--- START ---

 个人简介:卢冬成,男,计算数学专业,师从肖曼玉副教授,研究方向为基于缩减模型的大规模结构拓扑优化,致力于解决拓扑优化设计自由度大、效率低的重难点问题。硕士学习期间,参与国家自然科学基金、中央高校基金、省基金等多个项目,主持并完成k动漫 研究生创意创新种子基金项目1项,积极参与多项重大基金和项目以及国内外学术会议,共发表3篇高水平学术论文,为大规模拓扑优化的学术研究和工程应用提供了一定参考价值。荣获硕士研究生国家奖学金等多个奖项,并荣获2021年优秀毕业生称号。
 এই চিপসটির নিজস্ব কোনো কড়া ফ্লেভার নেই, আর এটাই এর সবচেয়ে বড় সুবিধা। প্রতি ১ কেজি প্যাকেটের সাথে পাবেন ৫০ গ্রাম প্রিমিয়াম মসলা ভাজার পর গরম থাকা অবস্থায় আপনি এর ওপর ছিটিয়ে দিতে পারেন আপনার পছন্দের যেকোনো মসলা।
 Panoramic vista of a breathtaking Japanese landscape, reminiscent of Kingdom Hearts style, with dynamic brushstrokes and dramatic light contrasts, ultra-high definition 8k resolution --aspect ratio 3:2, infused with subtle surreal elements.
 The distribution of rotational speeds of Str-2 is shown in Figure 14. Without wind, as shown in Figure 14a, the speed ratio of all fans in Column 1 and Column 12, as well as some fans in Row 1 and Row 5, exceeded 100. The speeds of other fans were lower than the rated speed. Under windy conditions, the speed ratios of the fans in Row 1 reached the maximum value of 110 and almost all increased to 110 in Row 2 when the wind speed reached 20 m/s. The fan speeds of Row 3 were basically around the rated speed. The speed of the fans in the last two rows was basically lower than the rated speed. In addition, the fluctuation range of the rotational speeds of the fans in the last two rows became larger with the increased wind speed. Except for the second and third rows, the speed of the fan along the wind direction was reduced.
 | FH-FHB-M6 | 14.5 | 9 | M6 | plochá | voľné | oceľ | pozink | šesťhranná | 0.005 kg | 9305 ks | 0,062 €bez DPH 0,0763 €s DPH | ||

--- END ---
--- START ---

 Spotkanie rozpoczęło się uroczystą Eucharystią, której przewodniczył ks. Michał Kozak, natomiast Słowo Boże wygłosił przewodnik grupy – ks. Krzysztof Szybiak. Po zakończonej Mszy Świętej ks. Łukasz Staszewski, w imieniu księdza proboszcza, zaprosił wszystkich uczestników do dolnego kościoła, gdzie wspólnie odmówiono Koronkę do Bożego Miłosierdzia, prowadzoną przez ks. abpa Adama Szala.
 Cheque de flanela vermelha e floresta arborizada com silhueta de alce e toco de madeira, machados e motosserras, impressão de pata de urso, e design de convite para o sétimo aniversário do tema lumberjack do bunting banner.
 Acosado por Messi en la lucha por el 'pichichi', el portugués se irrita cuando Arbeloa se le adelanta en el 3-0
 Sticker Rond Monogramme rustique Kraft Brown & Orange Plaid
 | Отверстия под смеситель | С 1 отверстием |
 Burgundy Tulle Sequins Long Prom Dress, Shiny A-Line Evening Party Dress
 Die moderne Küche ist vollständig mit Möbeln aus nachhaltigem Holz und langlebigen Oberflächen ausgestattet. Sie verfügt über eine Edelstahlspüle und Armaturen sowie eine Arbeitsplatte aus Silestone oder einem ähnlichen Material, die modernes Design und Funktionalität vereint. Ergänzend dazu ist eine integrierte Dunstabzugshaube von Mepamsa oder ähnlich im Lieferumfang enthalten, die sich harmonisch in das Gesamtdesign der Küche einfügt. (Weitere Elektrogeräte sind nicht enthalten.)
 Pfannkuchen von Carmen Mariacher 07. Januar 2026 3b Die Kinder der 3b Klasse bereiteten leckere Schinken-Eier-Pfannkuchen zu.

--- END ---

**Activity:** Return word for word the lines above from the line with "এই চিপসটির নিজস্ব" to the line with "Panoramic vista of", including both and leaving out all others.

**Answer section:**
 এই চিপসটির নিজস্ব কোনো কড়া ফ্লেভার নেই, আর এটাই এর সবচেয়ে বড় সুবিধা। প্রতি ১ কেজি প্যাকেটের সাথে পাবেন ৫০ গ্রাম প্রিমিয়াম মসলা ভাজার পর গরম থাকা অবস্থায় আপনি এর ওপর ছিটিয়ে দিতে পারেন আপনার পছন্দের যেকোনো মসলা।
 Panoramic vista of a breathtaking Japanese landscape, reminiscent of Kingdom Hearts style, with dynamic brushstrokes and dramatic light contrasts, ultra-high definition 8k resolution --aspect ratio 3:2, infused with subtle surreal elements.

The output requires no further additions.